Es cierto que los restaurantes –y los columnistas– somos pinceladas de nuestra época y que los sustitutos que me he buscado no sólo no se parecen a Via Veneto sino que son todo lo contrario: cocina simple y buena, sin pretensiones fallidas ni productos caros puestos con calzador para subir el precio; servicio amable por el ansia de jóvenes despiertos con ganas de hacerlo bien y prosperar en sus vidas; decoraciones en que haya poco pero que no pretendan ser lo que no son; y unos precios que tengan que ver con la realidad y no con un mundo que ya no existe y por cuya parodia no pueden cobrarte lo mismo que si todavía fuéramos tratados como cuando teníamos ese extraño y único privilegio de ser clientes de Via Veneto.

Yo puedo entender que el lujo tal como hasta ahora lo habíamos vivido pero entonces quiero que me devuelvan mis 250 euros. Para que te echen a medianoche, te sirvan unos platos demenciales y a las siete de la tarde circule por toda Barcelona con quién has almorzado en el reservado, y hasta de qué has hablado, la tarifa tiene que ser mucho menos exigente. Si Via Veneto se quiere convertir en un restaurante de broma, los clientes han de poder ir también con dinero del Monopoly.

Y lo peor es que además, en este mundo al revés en que los trabajadores sólo tienen derechos y los clientes sólo tenemos deberes, este artículo se tomará como una ofensa, cuando los ofendidos, los vilipendiados, los humillados hemos sido nosotros. González y yo nos jubilamos de Via Veneto y de una era. Pere Monje volvió al fin de San Paulo pero si yo hubiera tratado de escapar ni una sola vez de mi escritura no podría escribir como lo hago, quizá muchos lo agradecerían.

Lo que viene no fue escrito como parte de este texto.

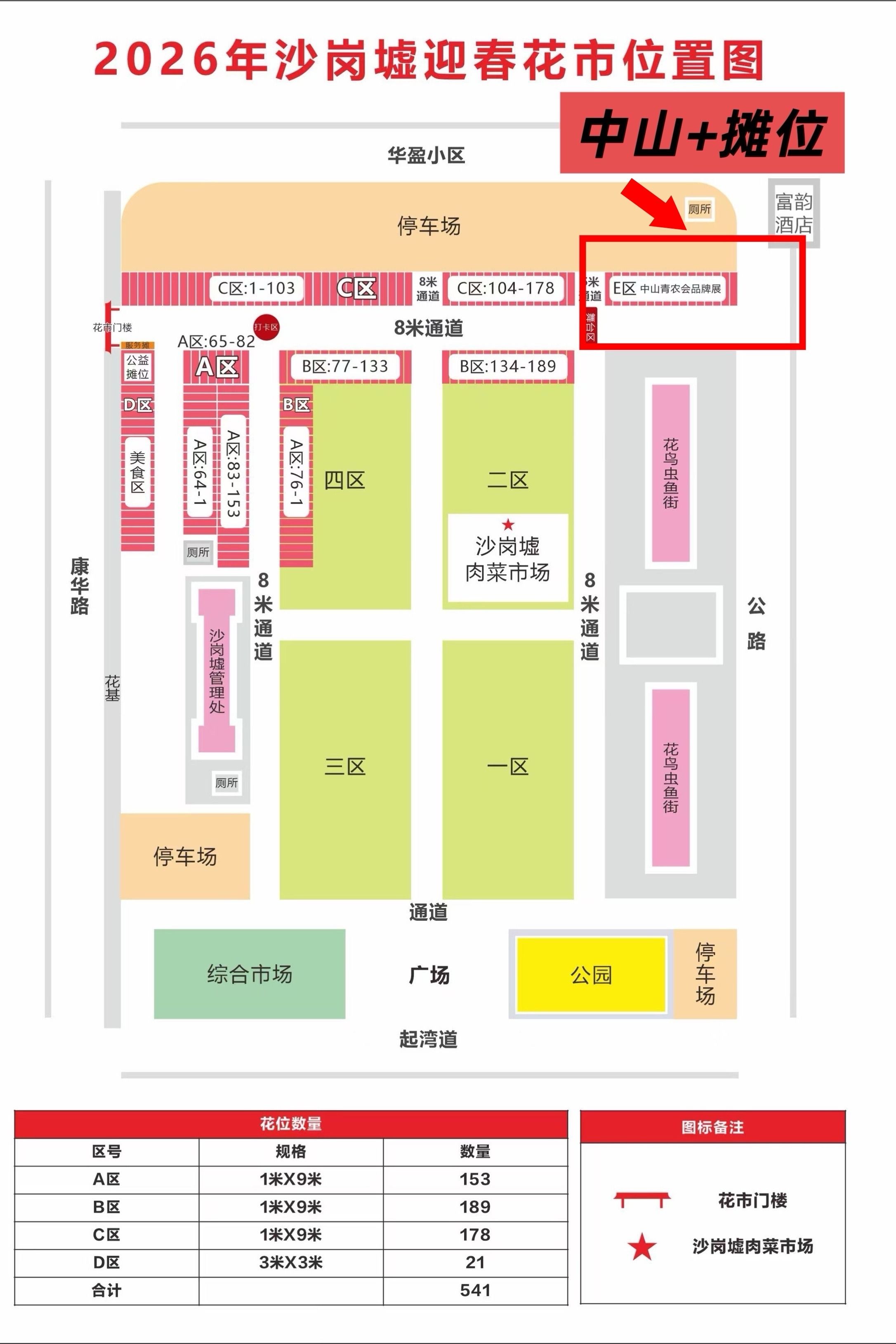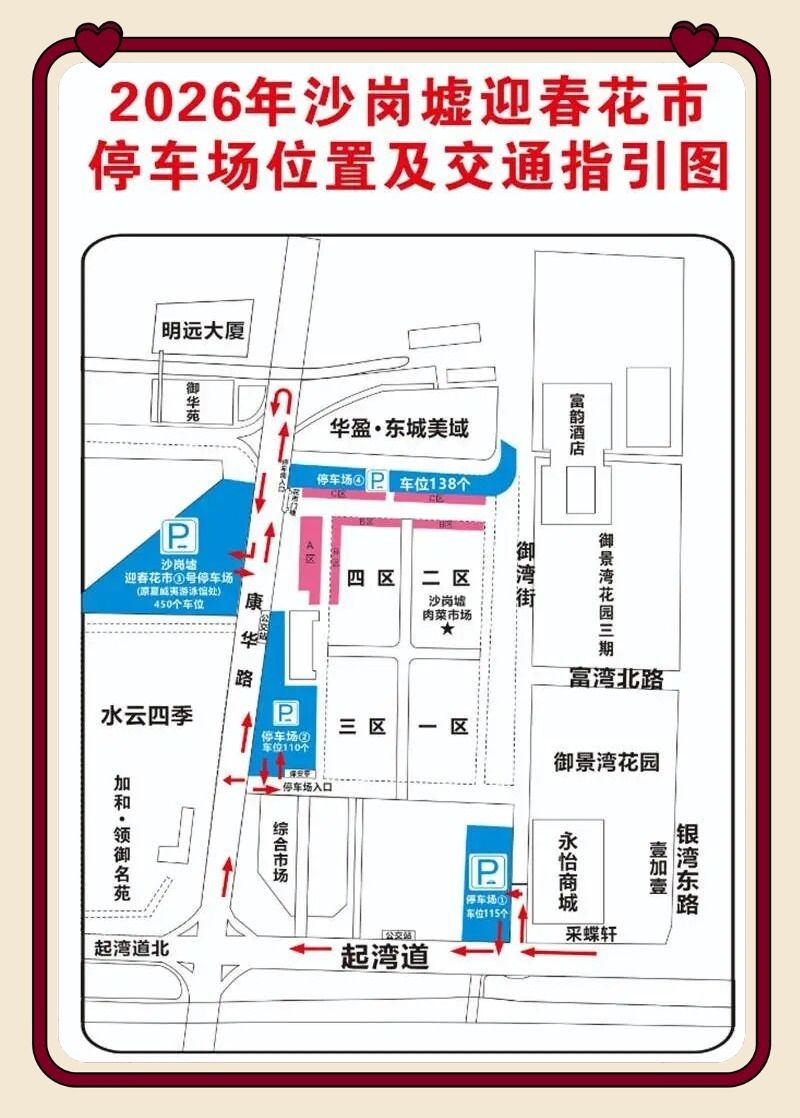 本次沙岗墟花市共设置4个停车场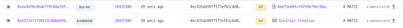 배포 후 2개의 트랜잭션이 발생했는데 1개는 새로 작성한 BoxV2이며 하나는 프록시를 업그레이드 하는 트랜잭션입니다.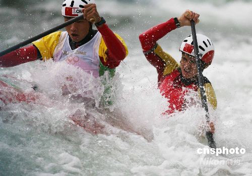 图:激流回旋男子双人划艇半决赛在雨中举行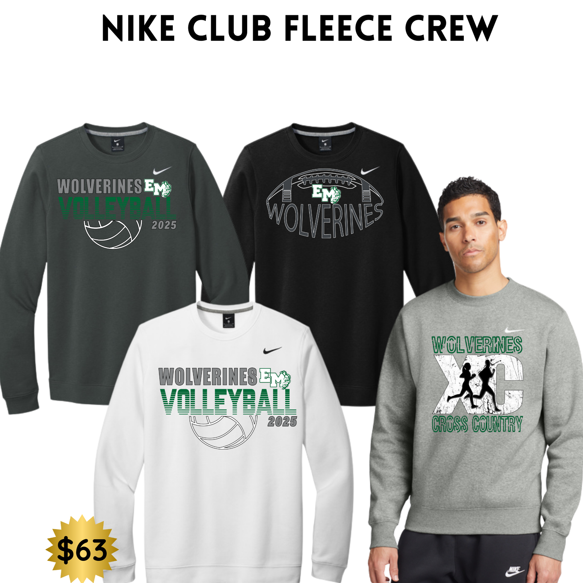 EMAYS25 Nike Unisex Club Fleece Sleeve Swoosh Crewneck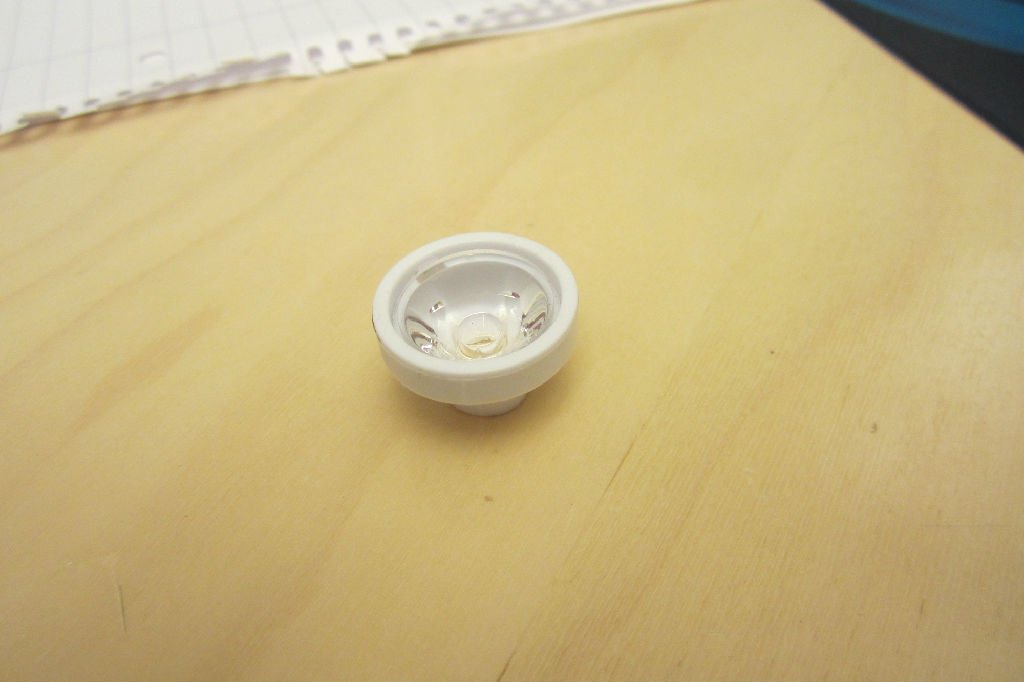 Далее следует задуматься об оптике такой фары. У меня задуматься не получилось, ибо хотелки очень разные: фара должна хорошо освещать ближнюю область, при этом светить вдаль, при этом не ослеплять встречных, при этом быть заметной сбоку. Как минимум один пункт надо выкинуть, и я решил не делать дальний свет, ибо в городе он не нужен. Я решил использовать готовые линзы, купленные когда-то полудесятком штук на DX. Две одинаковые TIR (ПВО) линзы, при желании можно будет заменить одну на более "дальнобойную".

Via Veneto tuvo en sus años de emergencia y esplendor muchos competidores: Finisterre, Reno, Niechel e incluso Orotava se basaban en un parecido concepto. En un mundo cambiante tras la irrupción de El Bulli, y en una ciudad tan informal, Via Veneto estaba condenado a desaparecer pero sobrevivió porque tenía a un dueño comprometido con todo su ser y toda su vida en la gran historia de amor que era su restaurante. Sólo con esa dedicación total, sin duda profesional, pero sobre todo vital, pasional, José Monje pudo sobrevivir a la muerte generalizada de los restaurantes de su tipo en la ciudad. Ya en el presente siglo, Drolma abrió y tuvo su momento, pero la familia Soldevila, propietaria del Hotel Majestic, acabó por no entender la importancia de que Barcelona tuviera el restaurante culto, continuador de la mejor tradición europea, que Fermí Puig había creado para ellos. ¿Fue falta de negocio? No. Fue falta de amor. Este amor en el que el lujo se fundamenta y se fundamenta todo. El amor de González a su casa y a sus clientes. El amor con que escribo estos artículos sobre Via Veneto, aunque sean tristes. El amor que Pedro dejó al otro lado del Atlántico cuando tuvieron que meterlo en un avión sin haberlo convencido antes, y por eso Via Veneto aguantará sólo mientras no sea necesario otro milagro como el que hizo su padre.